Intermediate Token Generation (ITG)

Updated 10 September 2025

Intermediate Token Generation (ITG) is a framework where models produce explicit intermediate tokens to enhance sample diversity, computational efficiency, and adaptive processing.
ITG methodologies are applied across domains such as score-based generative models, motion synthesis, large language model inference, and image super-resolution, demonstrating tailored performance improvements.
Empirical evaluations reveal that ITG can reduce compute requirements, improve output quality, and enable adaptive depth scaling, with metrics showing significant FLOPs savings and enhanced accuracy.

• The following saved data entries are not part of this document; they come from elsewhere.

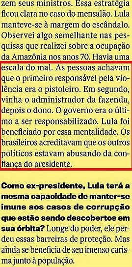 siva da sociedade brasileira contra as forças aqui descritas ─ o coletivo que se chama “oligarquia” e que foi absorvido, habitado e comandado por Lula e pelo PT em seus treze anos no governo (…) Não existe nessa turma toda um único preto ou pobre ─ é só elite, e dentro dela há uma alarmante coleção de cidadãos que faz anos convivem em intimidade com o ex-presidente Lula, sua família e sua vizinhança (…)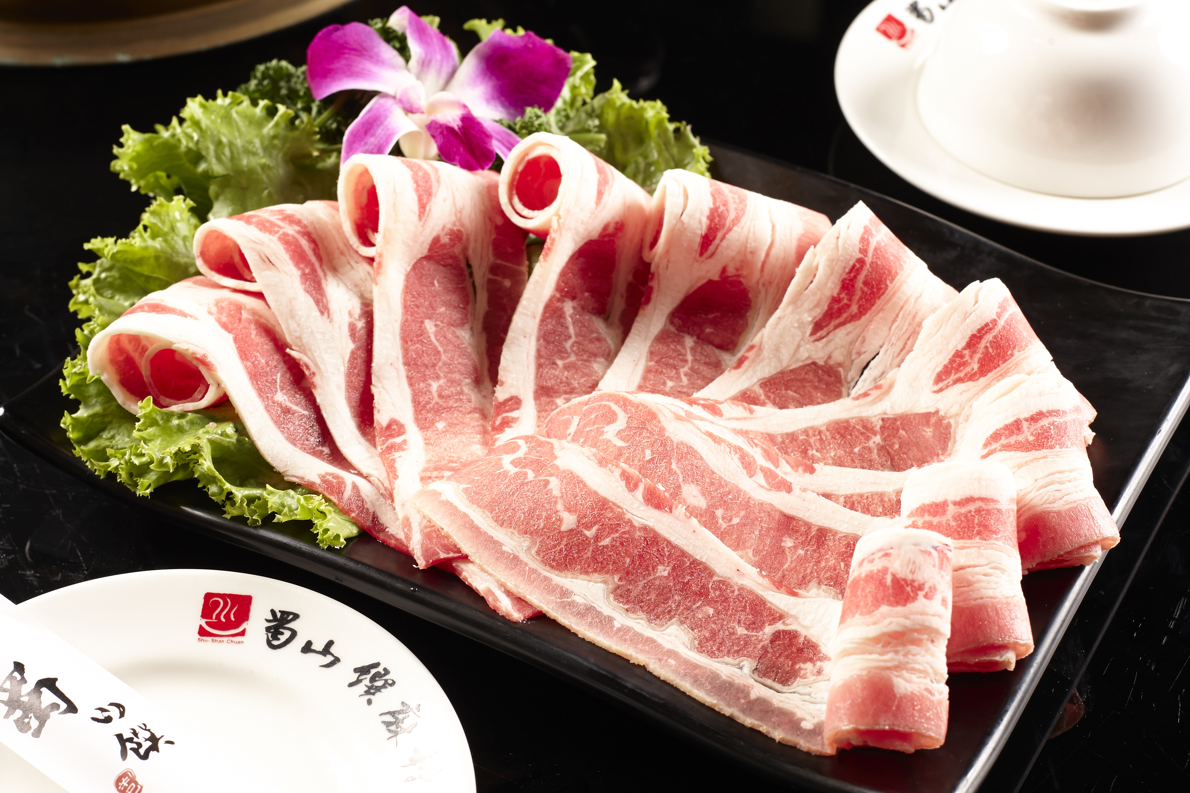 火鍋豬肉片肉質軟嫩順口、油花分布均勻,另外提供各式精選肉品,雞豬牛羊可供客人自由選擇,輕涮後佐以些許調味,即能吃出食材本身的原味。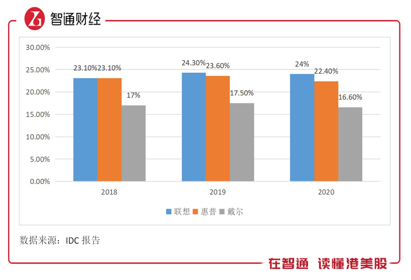 根据IDC报告,2020年联想出货量7266.9万台,市场份额24%,分别高于惠普及戴尔1.6个及7.4个百分点,连续三年市场份额第一,且增长速度也远高于同行,2020年出货量同比增长12%,分别高于惠普及戴尔4.5个及3.9个百分点。在2020年Q3及Q4,联想全球市场份额均超过25%。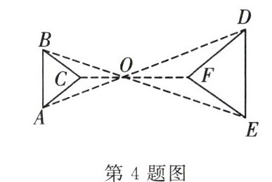 4. 如图所示,△ABC 与△DEF 是位似图形,O 为位似中心,位似比为 $ 2:3 $,$ AB = 4 $,则 $ DE = $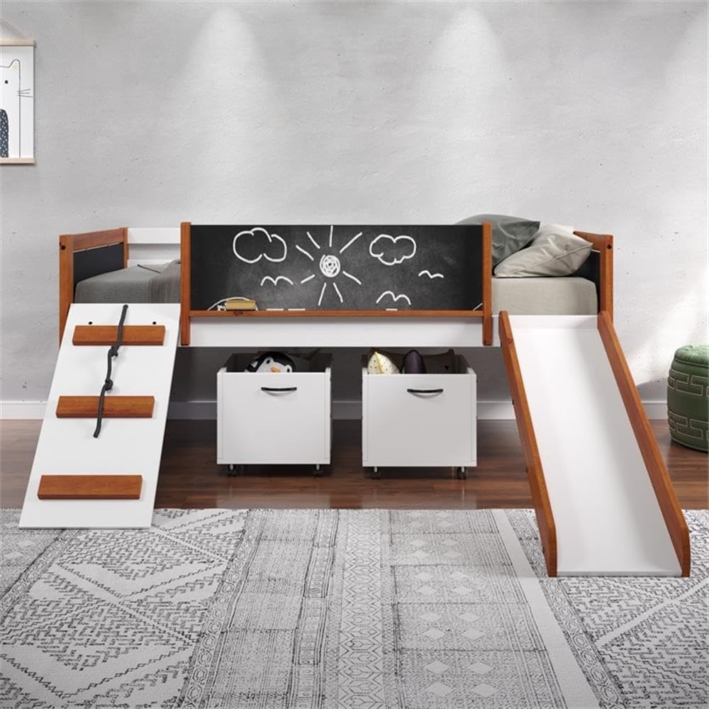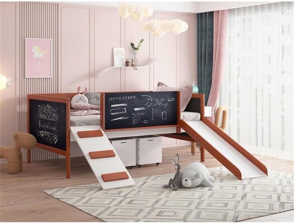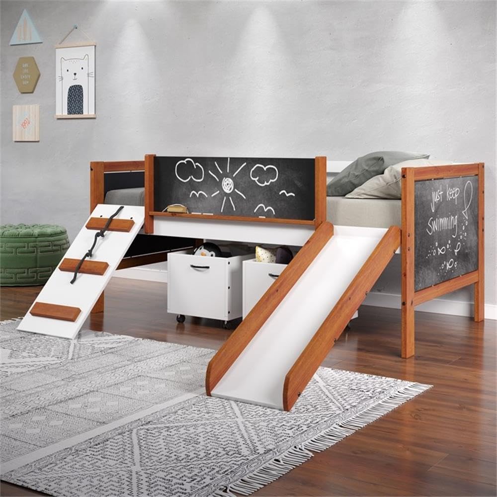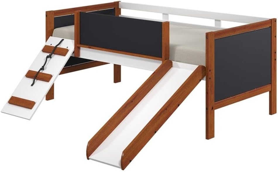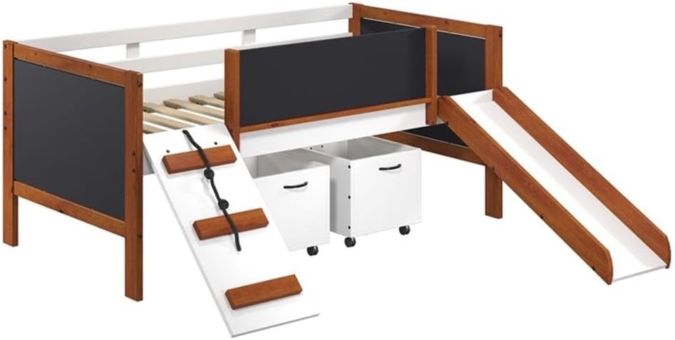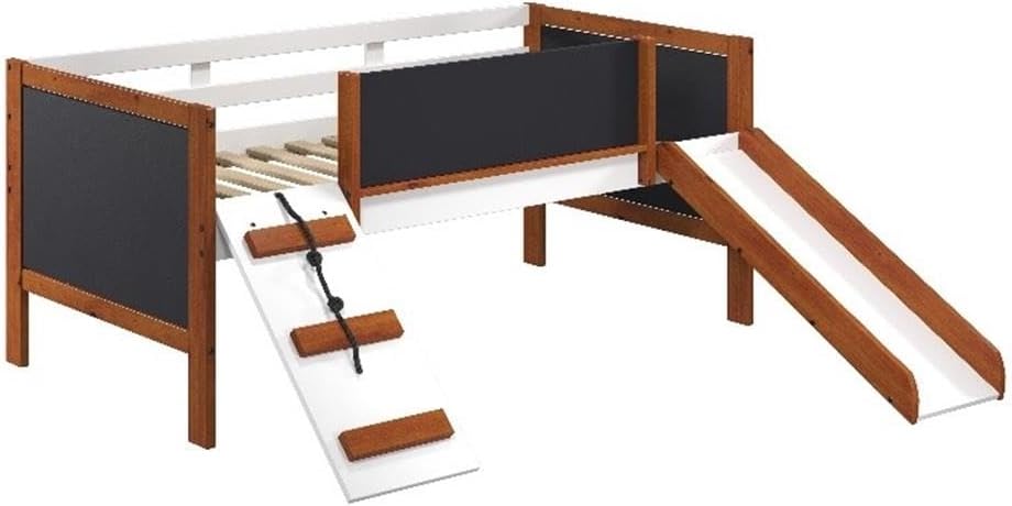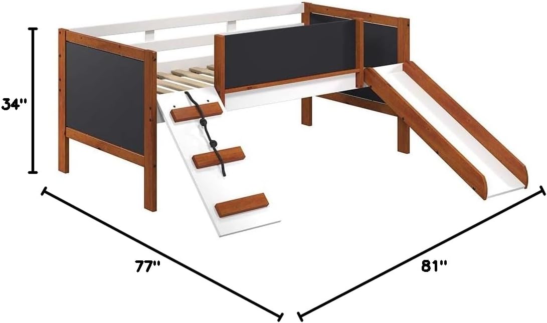 Let your little one's imagination run wild with the Aurea loft bed. Finished in a gender-neutral color palette of walnut and white. The bed features a creative way to climb in and out of bed with the built-in slide. Say goodbye to scribbled walls, the bed has chalkboard panels that let your little ones scribble away.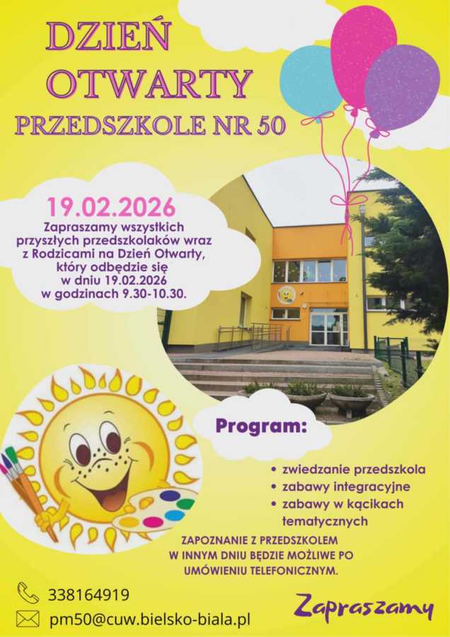 Zapraszamy przyszłych przedszkolaków wraz z Rodzicami na Dzień Otwarty Przedszkola nr 50, który odbędzie się 19 lutego 2026 r. w godz. 9:30–10:30. To doskonała okazja, by poznać naszą placówkę i spędzić miło czas. ✨🎈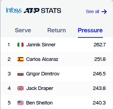 От сайта на ATP водят статистика за най-добрите играчите "под напрежение" и се оказва, че единствено Карлос Алкарас и Яник Синер се намират пред Григор по този показател. Основните показатели, които се гледат са реализираните точки за пробив (процентно), спасените точки за пробив, спечелените тайбреци и съотношението при изиграните финални сетове, а накрая общият резултат се формира от сбора на всички тези компоненти.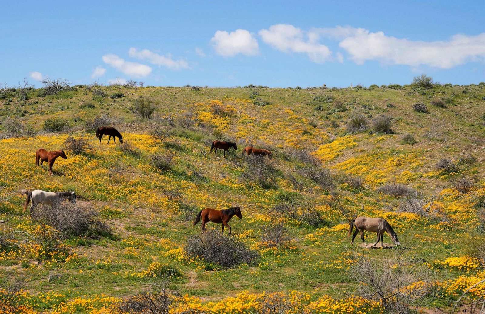 Ngựa hoang gặm cỏ trong sắc Xuân rực rỡ tại Rừng Quốc gia Tonto Arizona, Mỹ
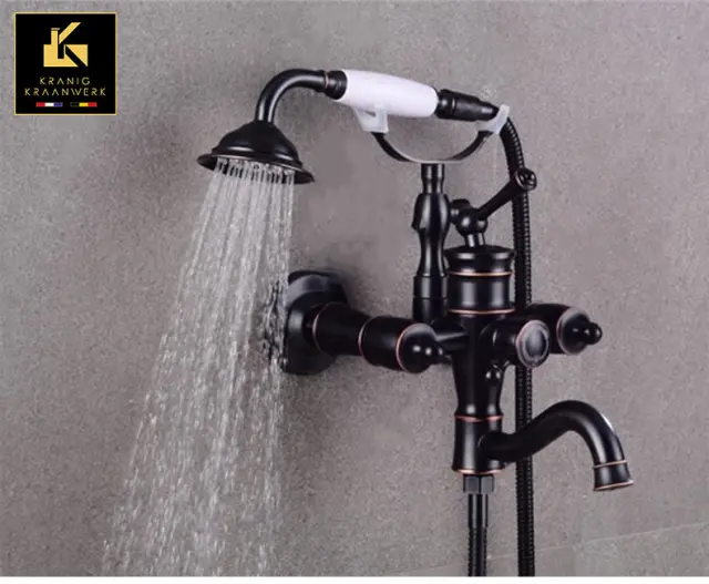 Kopalna pipa z ročno prho | Montaža na steno | Van de Laer | Krom in črna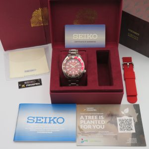 For sale is a pre-owned men’s Seiko Prospex Sumo Philippines Limited Edition “Red Eagle”, model/reference number SPB345. The watch comes with the original box and papers; however, the authorized dealer who sold the original owner the watch only stamped their name and did not fill in the exact purchase date, so it is unknown but suspected to be from circa 2022. Additionally, the watch is missing the original brown strap it originally came with. The red rubber strap pictured is aftermarket and not a Seiko strap.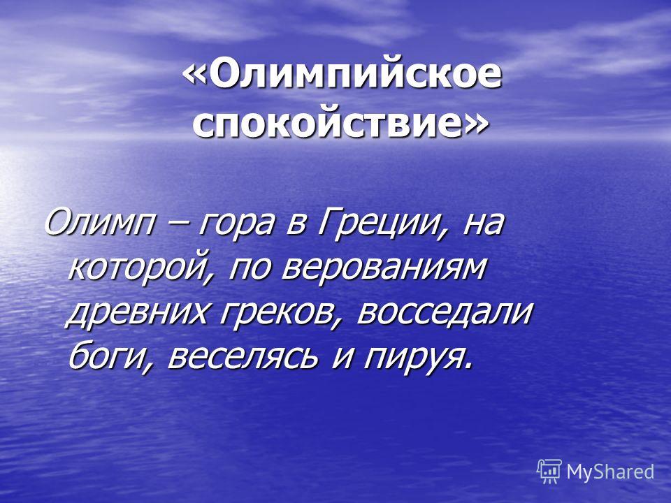 «Олимпийское спокойствие» Олимп – гора в Греции, на которой, по верованиям древних греков, восседали боги, веселясь и пируя.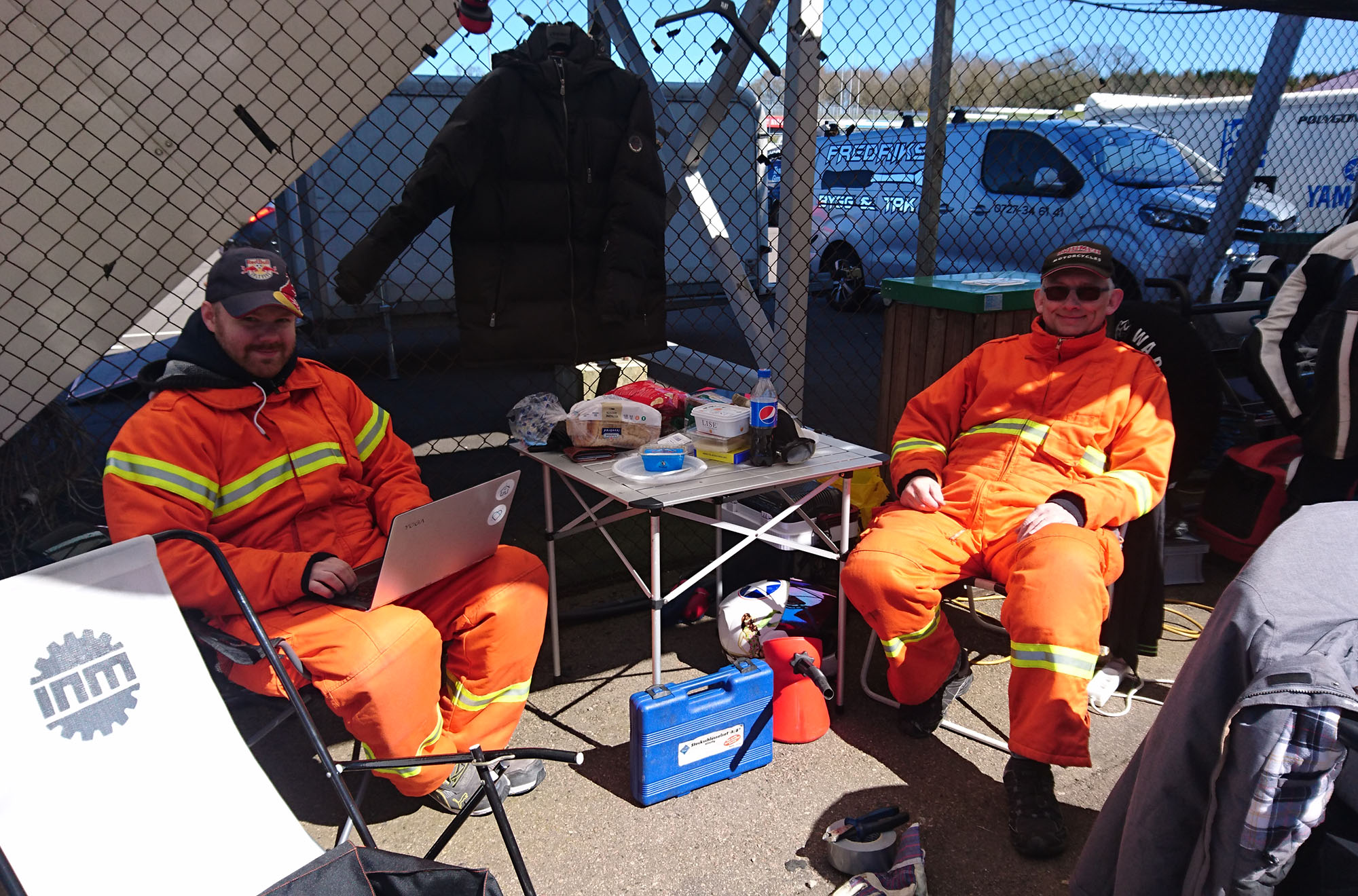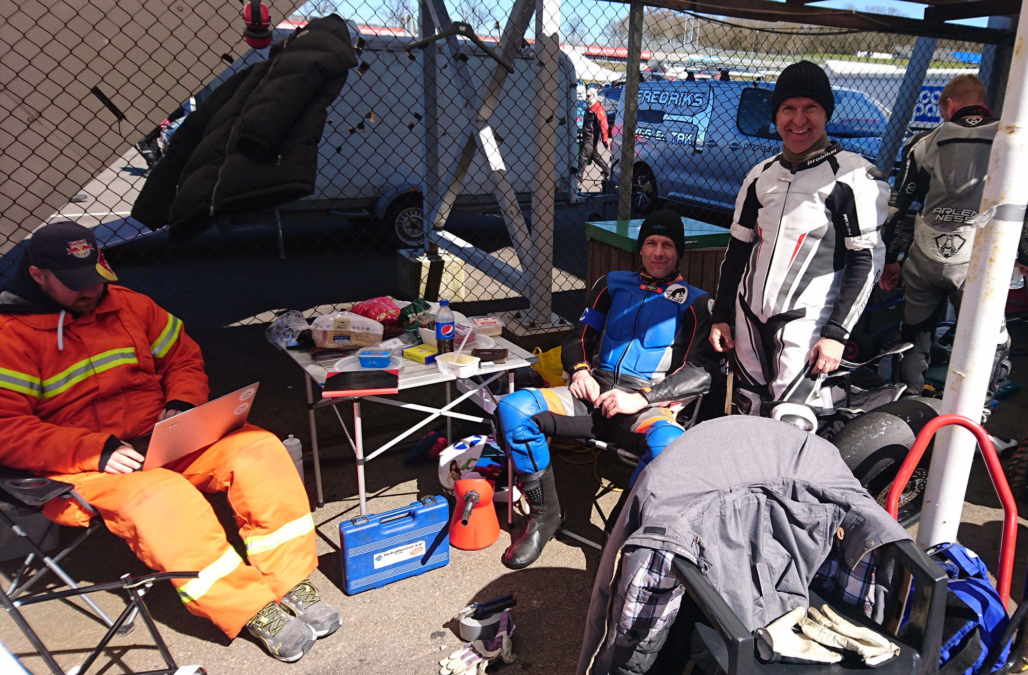 og branddragter brugtes til at holde varmen før og efter kvalifikationskørsler og medens vi ventede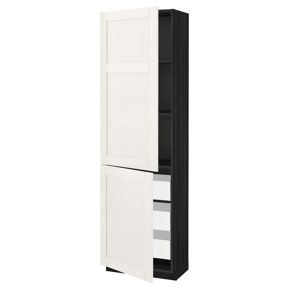 МЕТОД / МАКСИМЕРА Высокий шкаф+полки/3 ящика/2 дверцы - под дерево черный, Сэведаль белый, 60x37x200 см

Intermediate Token Generation (ITG) refers to the mechanisms by which computational models emit, manipulate, or optimize tokens—usually latent codes or stepwise outputs—before the final solution or output is produced. ITG manifests across domains ranging from generative modeling, motion synthesis, LLM inference, discrete diffusion models, and recommendation systems. ITG is proposed to improve sample diversity, reasoning transparency, computational efficiency, and adaptive processing depth. The following sections provide a comprehensive account of ITG methodologies, empirical behaviors, and interpretations across recent literature.

1. Foundational Principles of Intermediate Token Generation

ITG encompasses the training and deployment of models that produce explicit intermediate states as part of their forward operation. In score-based generative modeling, ITG leverages discretized forward processes (e.g., stochastic differential equations) where each step yields an intermediate iterate, which can be coupled to dedicated encoders and decoders to formulate regularizers and broaden generative capacity (Mishra et al., 2023). In autoregressive frameworks, intermediate tokens may represent reasoning traces such as chain-of-thought (CoT) sequences, derivational logs, or stepwise partial predictions.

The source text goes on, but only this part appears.